We note, because of the mobility of a vehicle and the lessened expectation of privacy, an officer may stop and search a moving vehicle without a warrant if probable cause has been developed. Carroll v. United States, 267 U.S. 132 (1925); Griffin v. State, 54 S.W.3d 820, 823 (Tex.App.-Texarkana 2001, pet. ref'd). However, the vehicle in this case was parked on private property.
Those courts that have found unsafe weaving to raise a reasonable suspicion of the violation of Section 545.060 have so found when they were faced with weaving' done in conjunction with other facts indicating danger, such as leaving a bar, driving in heavy traffic, crossing into a lane of oncoming traffic, or weaving over an extended distance or time. See, e.g., Tyler v. State, 161 S.W.3d 745 (Tex.App.-Fort Worth 2005, no pet.) (stopped after anonymous tip of erratic driving and weaving in heavy traffic on Thanksgiving weekend); Cook v. State, 63 S.W.3d 924 (Tex.App.-Houston [14th Dist.] 2002, pet. ref'd) (car speeding out of bar parking lot, suspiciously pulling into gas station for ten to fifteen seconds, then being driven "all over" two unmarked roads, before "constantly" crossing into other lane for about two minutes on marked lane-divided road); Griffin v. State, 54 S.W.3d 820 (Tex.App.-Texarkana 2001, pet. ref'd) (after receiving informant tip that defendant would be carrying heroin, officer saw defendant's car cross yellow line into lane of oncoming traffic); Martinez v. State, 29 S.W.3d 609 (Tex.App.-Houston [1st Dist.] 2000, pet. ref'd) (car drifted onto shoulder for only few seconds, but on freeway during busy traffic); Tex.
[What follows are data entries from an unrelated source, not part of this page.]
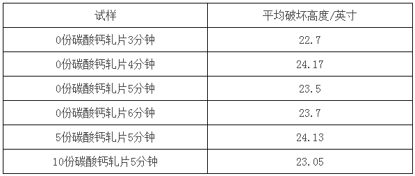 2.轧片的时间决定塑化度的高低,从上述试验得出,5分钟以后塑化度基本不变,所以制品的落锤冲击性能基本不变,轧片4分钟制品的落锤冲击性能最好,添加碳酸钙5份的效果跟不添加碳酸钙塑化4分钟的效果相当,10分碳酸钙的效果跟0份碳酸钙塑化5分钟相当。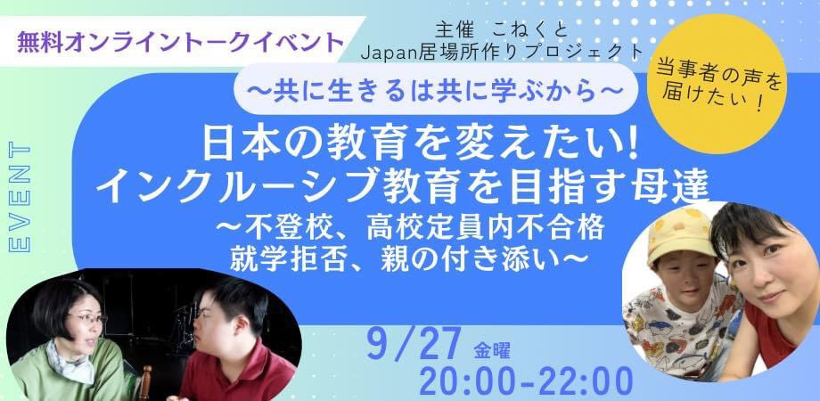 【9/27開催】〜共に生きるは共に学ぶから〜インクルーシブ教育を目指す母達 オンライン講演会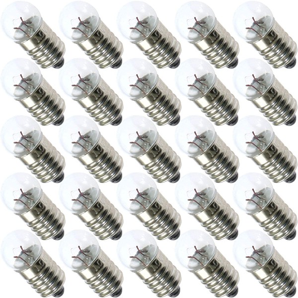 MEETOOT 25pcs E10 Mini Light Bulbs 1.5V 0.3A Physical Electrical Experiment Screw Base Indicator Light Incandescent Bulb Old-Fashioned Flashlight Lamp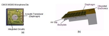 在CMOSMEMS平臺上開發(fā)的單塊集成電路硅晶麥克風(fēng)解決方案使消費(fèi)電子設(shè)備設(shè)計(jì)人員和制造商得以避免眾多ECM相關(guān)問題。下圖是一個(gè)單芯片硅晶麥克風(fēng)的俯視圖和橫截面圖。這一單塊芯片由MEM換能器(transducer)和阻抗匹配線路組成,它也是一個(gè)帶有可移動振膜和剛性背板的電容性傳感器。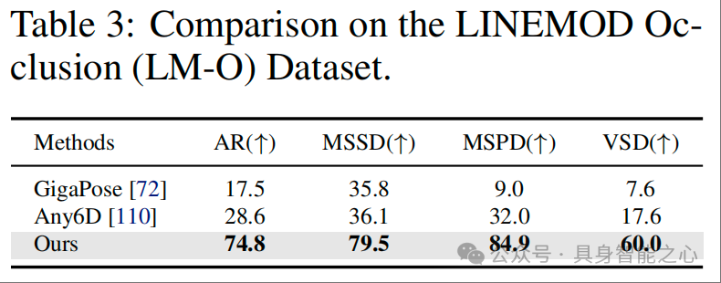 整体 AR:达 74.8%,远超 GigaPose(17.5%)和 Any6D(28.6%),即使是无纹理的 “can”“holepunch” 等物体,AR 也能达到 87.3%、79.2%;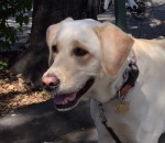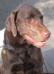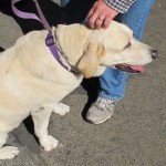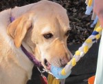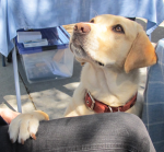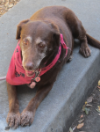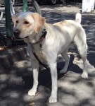 We recently introduced ourselves to Jim with Toby riding happily in his cart along the Bay Trail, where the two can be seen every single day. Almost 3 months have passed since surgery, and Toby sometimes walks alongside the cart as Jim pushes it; they usually stop at the creek and Toby will paddle around, as Labs love to do, and when he’s tired, he gets back into the cart for the ride home.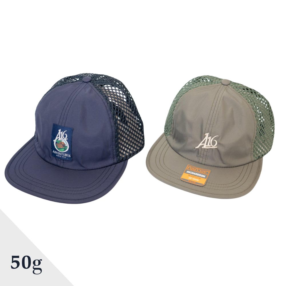ADVENTURE 16のオリジナルキャップ。リップストップポリエステルフロントで軽量かつ耐久性の高いワイドメッシュバックで通気性を確保しています。硬めのツバによって顔を保護します。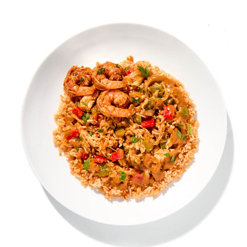 Long Grain White Rice, Canola and Olive Oil Blend, All Purpose Flour, Butter, Cajun Spice, Shrimp, Garlic, Kosher Salt, Jalapeno Peppers, Chicken Base, Gumbo Powder, Green Bell Pepper, Chicken Breast, Red Bell Pepper, Canola Oil, Italian Parsley

Dep't of Pub. Safety v. Bell, 11 S.W.3d 282 (Tex.App.-San Antonio 1999, no pet.) (car crossed into shoulder of lane of oncoming traffic); Gajewski v. State, 944 S.W.2d 450 (Tex.App.-Houston [14th Dist.] 1997, no pet.) (on two-lane highway, one-third of car crossed into oncoming lane two to three times). Unlike the foregoing cases in which evidence of weaving was paired with evidence of other dangerous conduct or circumstances, there was no evidence here that Curtis crossed into a lane of oncoming traffic, interfered with heavy — or any — traffic on the road, or sustained his weaving for an extended length of time or distance.